Страница 1 из 2
Юрий Молчан
Механический духовник Президента
Москва. Кремль. 14 мая 2026 г. 22.34
Страшная боль застигла президента прямо за рабочим столом. Хлестнула вдоль позвоночника, острым колом ударила в череп, и в мозг словно вонзились шипы.

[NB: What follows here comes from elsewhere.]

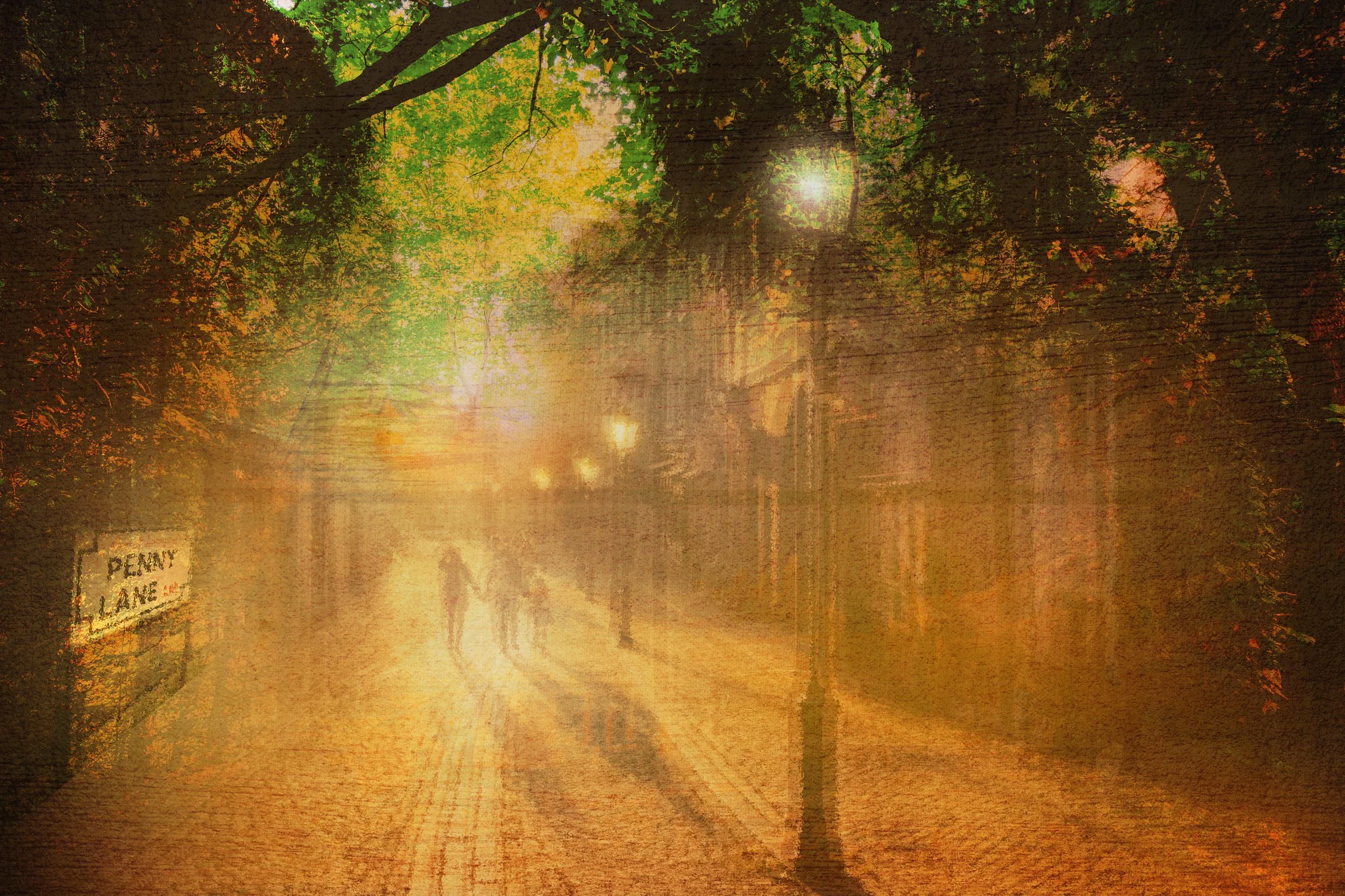 Memories do not preserve perfect forms. Over time, shapes deform, details fade, and only light remains as the last witness to time. Like an object glimpsed in near darkness, the mind must reconstruct what it sees. In "Penny Lane," the figures, street, and architecture do not exist as solid forms but as impressions—dissolving and reforming within the golden mist of recollection.

На крик, что вырвался сквозь стиснутые зубы, вбежал секретарь и помощники, все до рези в глазах одинаковые в пиджаках и галстуках.
– Врача! Быстро! – прокричал Тилов, вместе с остальными помогая президенту прилечь на кушетку.
Президенту закатали рукав. Человек в белом халате быстро извлек из чемоданчика пару ампул и ввел шприц в вену.
– Ну как вы, Дмитрий Сергеевич? – поинтересовался он, когда президент открыл глаза. Измученное лицо сделалось бледным, но глава государства смотрит взглядом человека, который готов катить камень до конца, даже если Сизиф давно сошел с дистанции.
– Отпустило, – проговорил Загорский. – Благодарю, Андрей Петрович.
Врач посмотрел на экран планшета, покачал головой.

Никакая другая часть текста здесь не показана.